Morphological characterization was performed with scanning electron JQ-EZ-05 microscopy and differential scanning calorimetry. The initial modulus, stress and strain at yield, strain at break, and impact toughness of the biodegradable polymer blends were investigated. The properties were described by model,,; assuming different interfacial behaviors (e.g., good adhesion and no adhesion between the dissimilar materials). The results indicated that PCL behaved as a polymeric plasticizer to PLA and improved the flexibility and ductility of the blends, giving the blends higher impact toughness ss. The strain at break was effectively improved by file addition of PCL to PLA, and this was followed by

a decrease in the stress at break. The two biodegradable polymers were proved to be immiscible but nevertheless showed some degree of adhesion between the two phases. This was also quantified by the mechanical property prediction models, which, in conjunction with material property characterization, allowed unambiguous detection of the interfacial

behavior of the polymer blends. (c) 2008 Wiley Periodicals, Inc. J Appl Polym Sci 112:345-352, 2009″
“We present a method to determine the local dielectric permittivity of thin insulating layers. The measurement is based on the detection of force gradients in electric force microscopy by means of a double pass method. The proposed experimental JPH203 mw protocol is simple to implement and does not need any modification of standard commercial devices. Numerical simulations based on the equivalent charge method make it possible to carry out quantification

whatever the thickness of film, the radius of the tip, and the tip-sample distance. This method has been validated on a thin SiO2 sample for which the dielectric permittivity at the nanoscale has been characterized in the literature. We also show how we can quantitatively measure the local dielectric permittivity buy Bafilomycin A1 for ultrathin polymer film of poly(vinyl acetate) and polystyrene. (C) 2009 American Institute of Physics. [DOI: 10.1063/1.3182726]“
“Background Although radiofrequency thermocoagulation is considered as a primary treatment for most patients with trigeminal neuralgia, neuronavigator-guided percutaneous radiofrequency thermocoagulation has been rarely reported. The object of this study was to assess the clinical value of neuronavigator-guided percutaneous radiofrequency thermocoagulation in the treatment of trigeminal neuralgia.

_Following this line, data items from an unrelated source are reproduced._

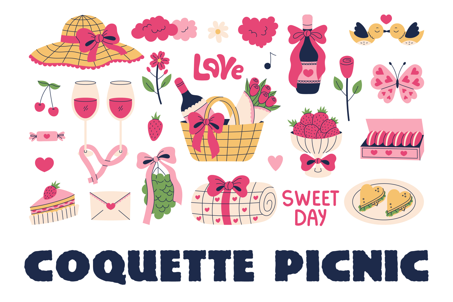 Celebrate love in the sweetest way with this Coquette Picnic Valentine’s Day Clipart Collection! This hand-drawn vector set includes adorable la dolce vita and whimsical illustrations of everything you need for a romantic picnic — a straw hat with ribbon and bow, wine bottle and glasses, basket with bouquet, grapes, cute kissing birds, heart-shaped sandwiches, macarons box, creamy slice of cake, strawberries and berries, butterfly with hearts, and many more playful kawaii doodles.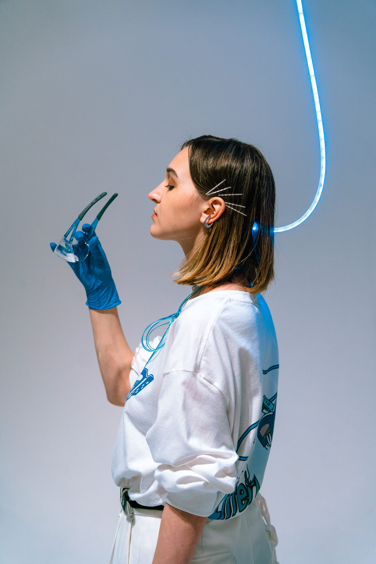 そうなんです。今回の撮影では今作のテーマをそのまま表現するために、モデルさん達の頭にも光のチューブをつけて撮影しました!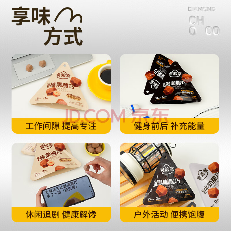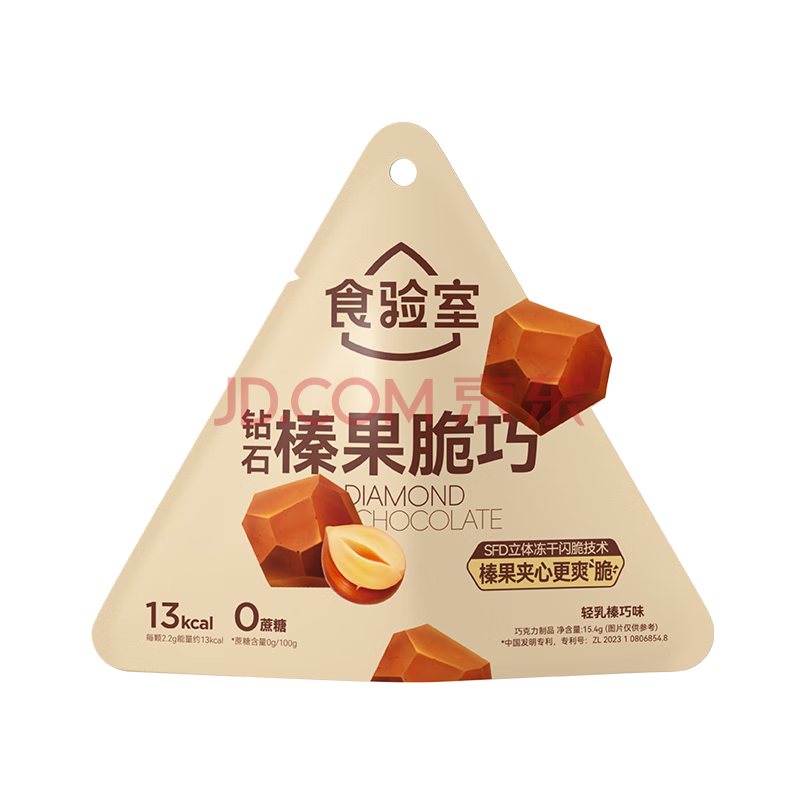 > 食验室冻干巧克力脆巧轻乳榛子15.4g0代可可脂鲜脆休闲零食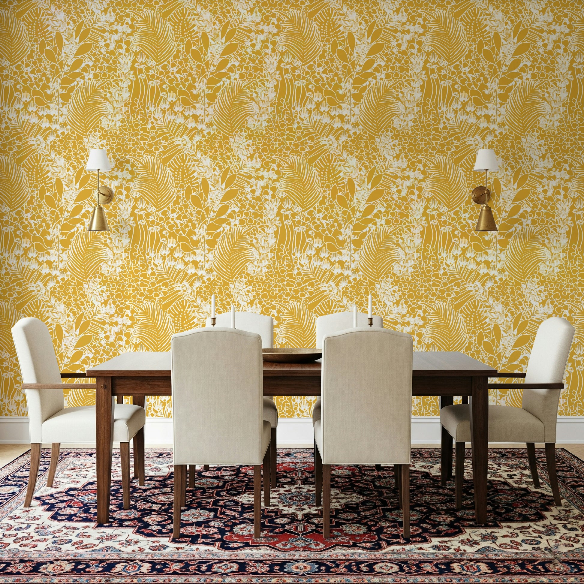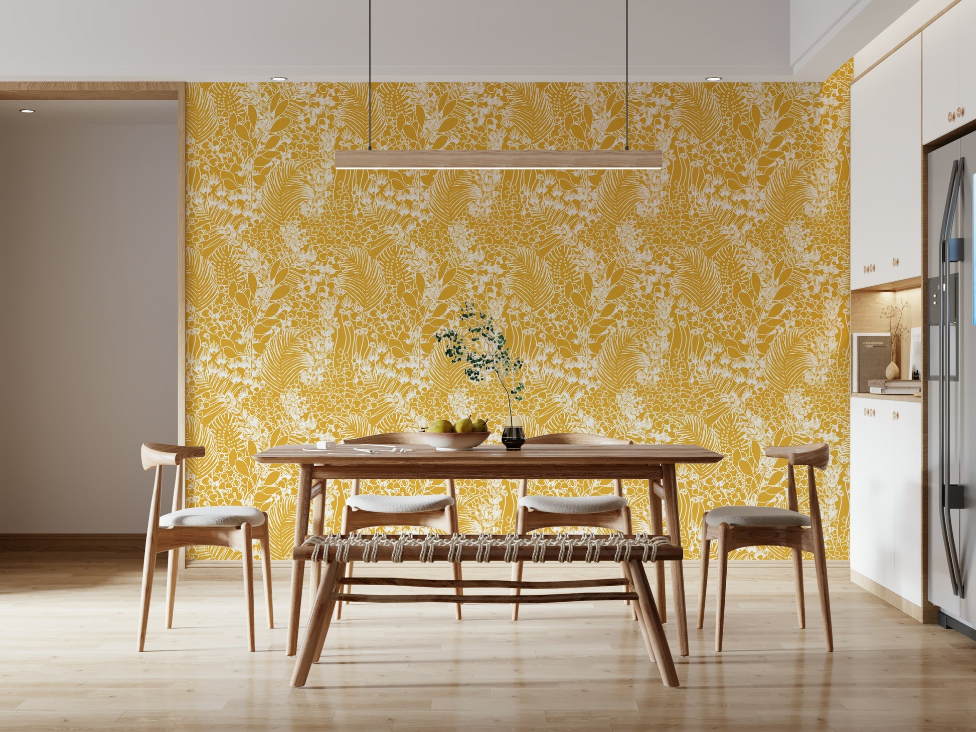 Transform your space into a tranquil haven with "Golden Meadow Dream," a wall décor that captures the essence of a sun-kissed field teeming with life. Delicate floral outlines and bold leaf shapes intertwine, creating a captivating dance of nature's artistry. The background evokes the warmth of the golden hour, casting a soft, inviting glow throughout the design. White and Creamy accents highlight the intricate details, providing a touch of ethereal elegance. This stunning piece is perfect for adding a touch of natural beauty and serene sophistication to any room. The overall effect is an immersive experience, a visual journey into a flourishing landscape that soothes the soul and inspires a sense of wonder.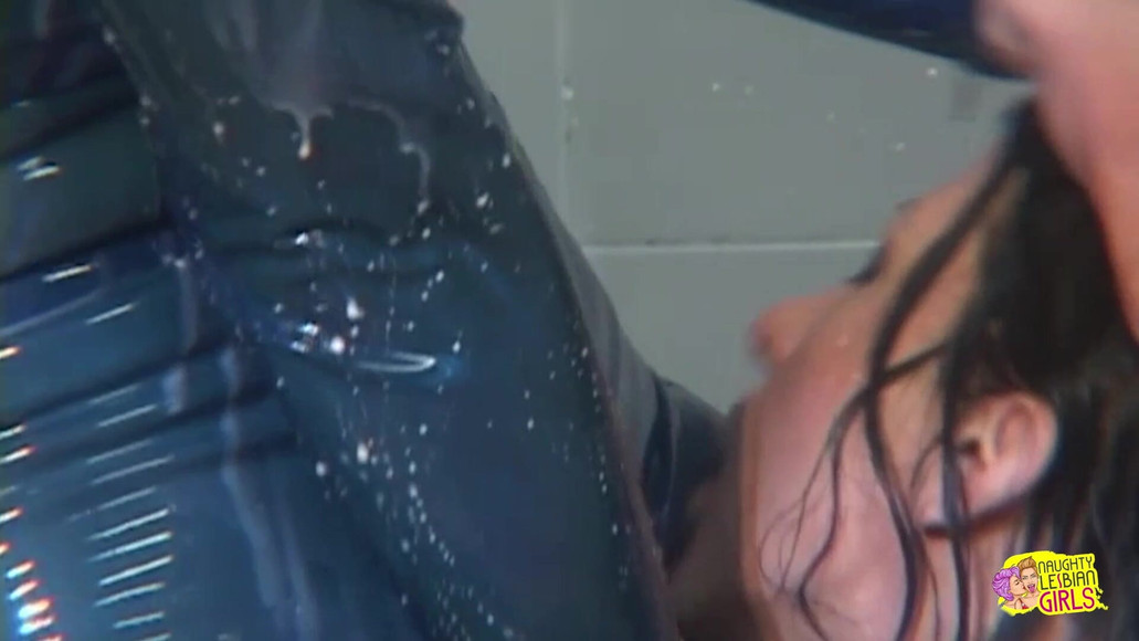 The lesbian gets rammed by sex toys after taking a shower with the brunette clad in latex.

Methods The radiofrequency thermocoagulation was performed in 100 cases of trigeminal neuralgia. The patients were positioned supine or sitting, under Hartel’s technique (reported by Sweet and Wepsic J Neurosurg 40: 143-156, 1974), by anterior lateral facial approaches. The Gasserian ganglions were acupunctured, assisted by intraoperative CT scanning (3-digital reconstruction) and electrophysiology in order to accurately locate target.